Richard Rogers: Pompidou and Millennium Dome architect dies aged 88

British architect Richard Rogers, known for designing some of the world’s most famous buildings including Paris’ Pompidou Centre, has died aged 88.

Rogers, who changed the London skyline with distinctive creations such as the Millennium Dome and the ‘Cheesegrater’, “passed away quietly” Saturday night, Freud communications agency’s Matthew Freud told the Press Association.

His son Roo Rogers also confirmed his death to the New York Times, but did not give the cause.

The Italian-born architect won a series of awards for his designs, including the 2007 Pritzker Prize, and is one of the pioneers of the “high-tech” architecture movement, distinguished by structures incorporating industrial materials such as glass and steel.

View of the Millenium Dome in 1999
View of the Millenium Dome in 1999 Photograph: DEA/S. LOMBARDI VALLAURI/De Agostini/Getty Images

He is the co-creator of France’s Pompidou Centre – opened in 1977 and famed for its multi-coloured, pipe-covered facade – which he designed with Italian architect Renzo Piano.

Rogers’ other well-known designs include Strasbourg’s European court of human rights and the Three World Trade Center in New York, as well as international airport terminals in Madrid and London’s Heathrow.

Born in Florence in 1933, his father was a doctor, his mother a former pupil of the famed Irish writer James Joyce. The family fled the dictatorship of Mussolini, settling in England in 1938.

Pompidou Centre
Pompidou Centre in 2007 Photograph: Loïc Venance/AFP/Getty Images

London was miserable. The family had been comfortably middle-class in Italy but the relocation had reduced them to a single-room flat that ran on a coin meter for heating.

“Life had switched from colour to black-and-white,” Rogers recalled in his 2017 autobiography “A Place for all People”.

School was no easier either. Rogers was dyslexic at a time when there was no diagnosis for the condition and he was “called stupid”, he told the Guardian in 2017.

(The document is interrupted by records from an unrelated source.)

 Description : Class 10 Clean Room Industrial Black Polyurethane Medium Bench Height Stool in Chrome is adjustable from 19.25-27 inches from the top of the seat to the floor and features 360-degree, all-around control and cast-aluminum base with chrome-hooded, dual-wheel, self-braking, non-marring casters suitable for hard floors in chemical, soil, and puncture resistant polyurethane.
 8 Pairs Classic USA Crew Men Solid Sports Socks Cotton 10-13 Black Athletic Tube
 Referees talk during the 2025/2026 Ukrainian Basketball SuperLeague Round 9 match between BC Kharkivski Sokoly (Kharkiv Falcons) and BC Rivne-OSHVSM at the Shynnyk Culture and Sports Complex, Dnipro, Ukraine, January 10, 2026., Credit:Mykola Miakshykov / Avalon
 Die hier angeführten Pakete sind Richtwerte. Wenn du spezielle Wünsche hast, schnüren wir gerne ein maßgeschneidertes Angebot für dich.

He was miserable, he said in his autobiography, “crying myself to sleep every night – years of unhappiness”.

He left school in 1951 with no qualifications but managed to gain entry into London’s Architectural Association School, known for its modernism.

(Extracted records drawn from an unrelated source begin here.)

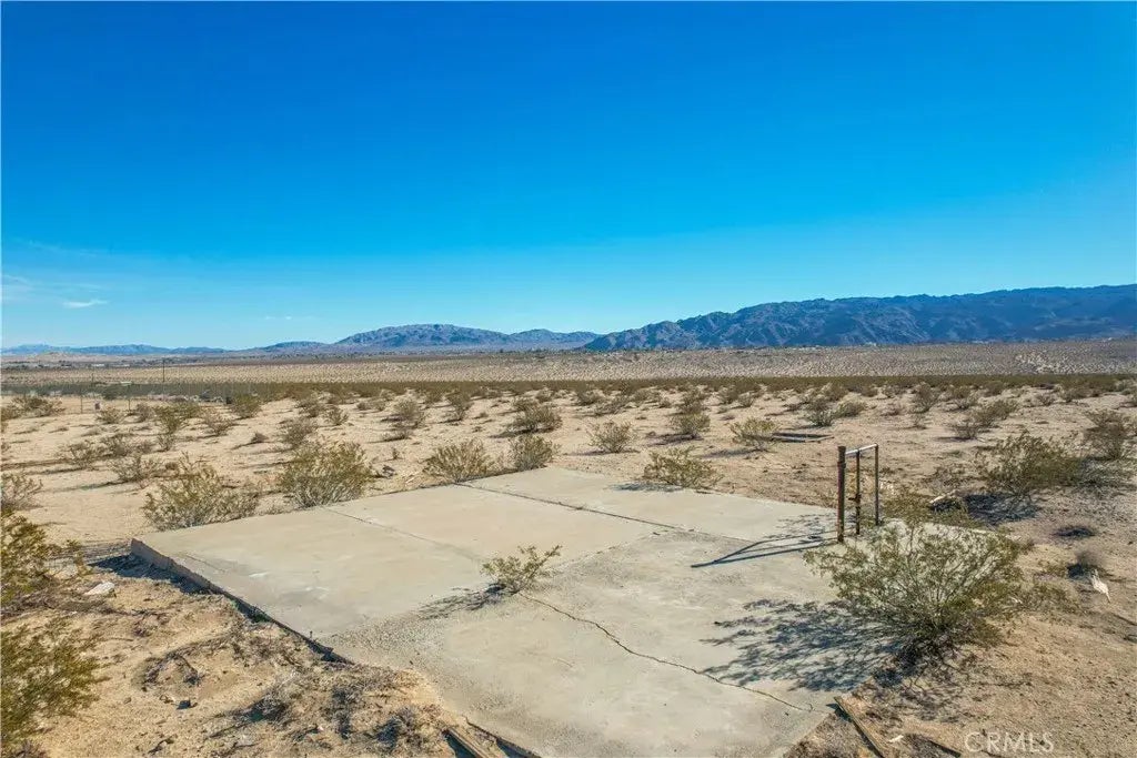 A perfect concrete slab. 29'x32'. 928 square feet. A clean slate to do whatever you want or need to do. Next to electrical poles and located in the water district. This 5 acres in Desert Heights is next to 556 acres of unobstructed land. You can't find a better 5 acres.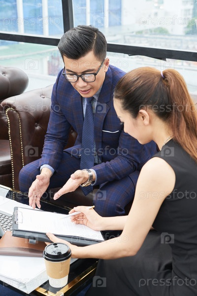 Бизнесмены обсуждают документ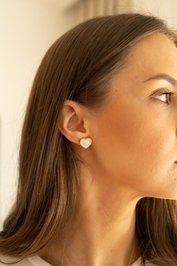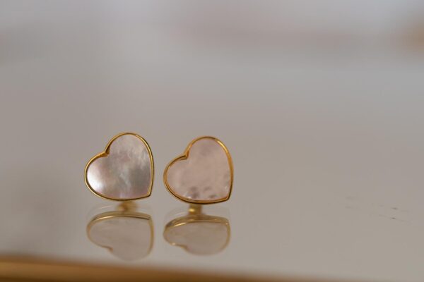 Naušnice “Mother of pearl srce” izrađene su od srebra 925 s pozlatom i prirodnog sedefa.

He completed his architecture studies at Yale in the United States in 1962, where he met fellow British architect Norman Foster.

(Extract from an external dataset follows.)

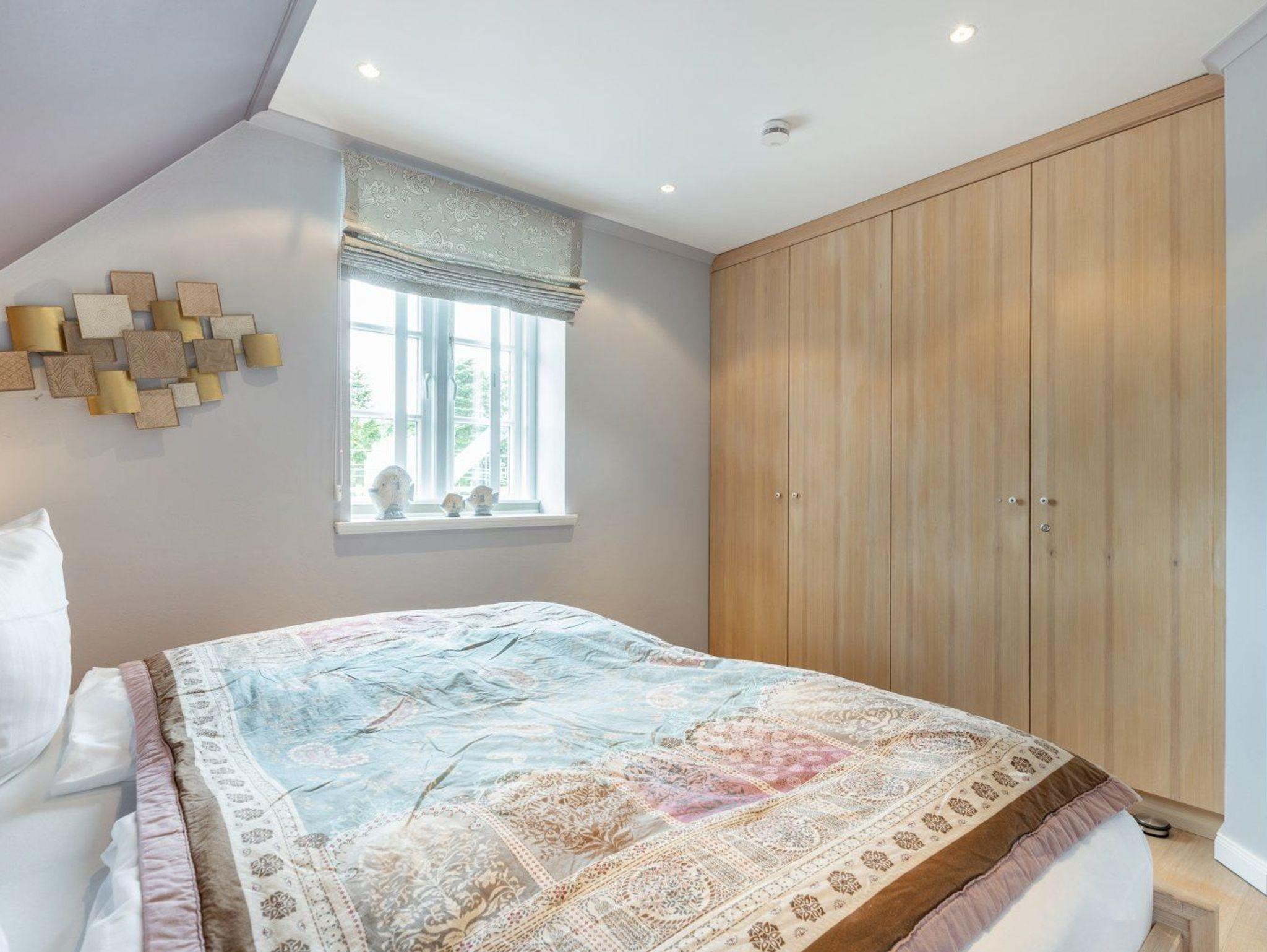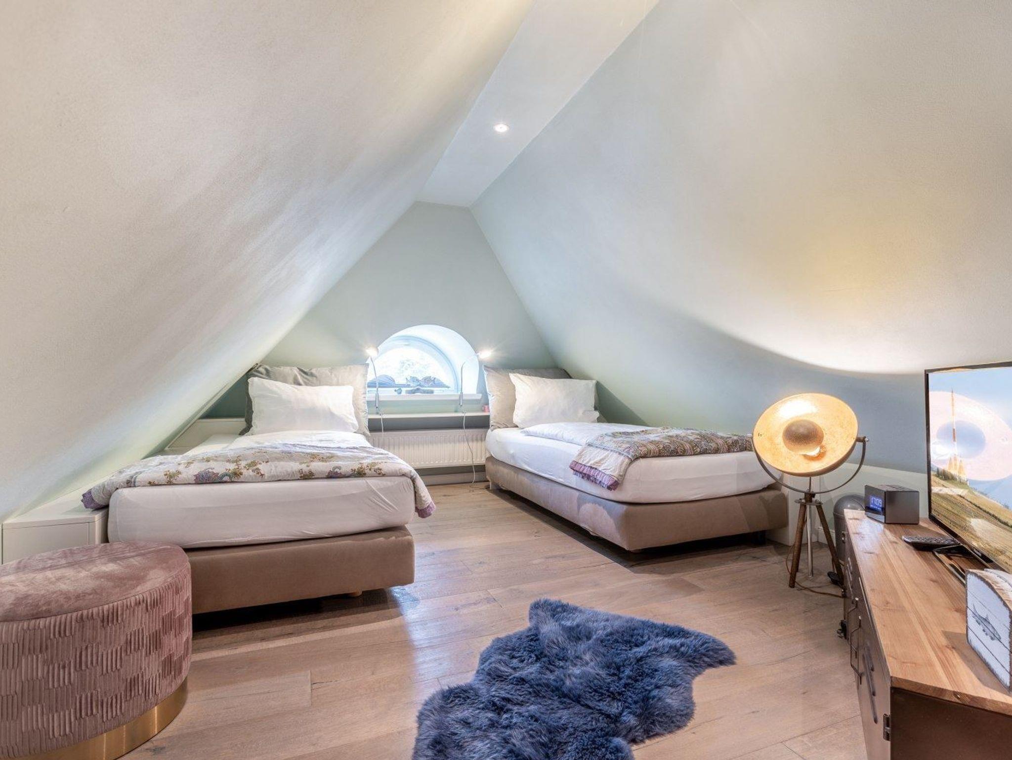 3 Schlafzimmer: Doppelbett (OG), Etagenbetten (OG), 2 Einzelbetten (DG, kombinierbar). 2 Bäder: Duschbad (EG), Vollbad mit Sauna (OG).

The European Court of Human Rights
The European Court of Human Rights, seen here in 2018 Photograph: Frederick Florin/AFP/Getty Images

Although buildings were Rogers’ world, he insisted it was the space around them that was key in defining those that worked.

“The two can’t be judged apart,” he told the Guardian in 2017.

“The Twin Towers in New York, for instance. They weren’t great buildings, but the space between them was.”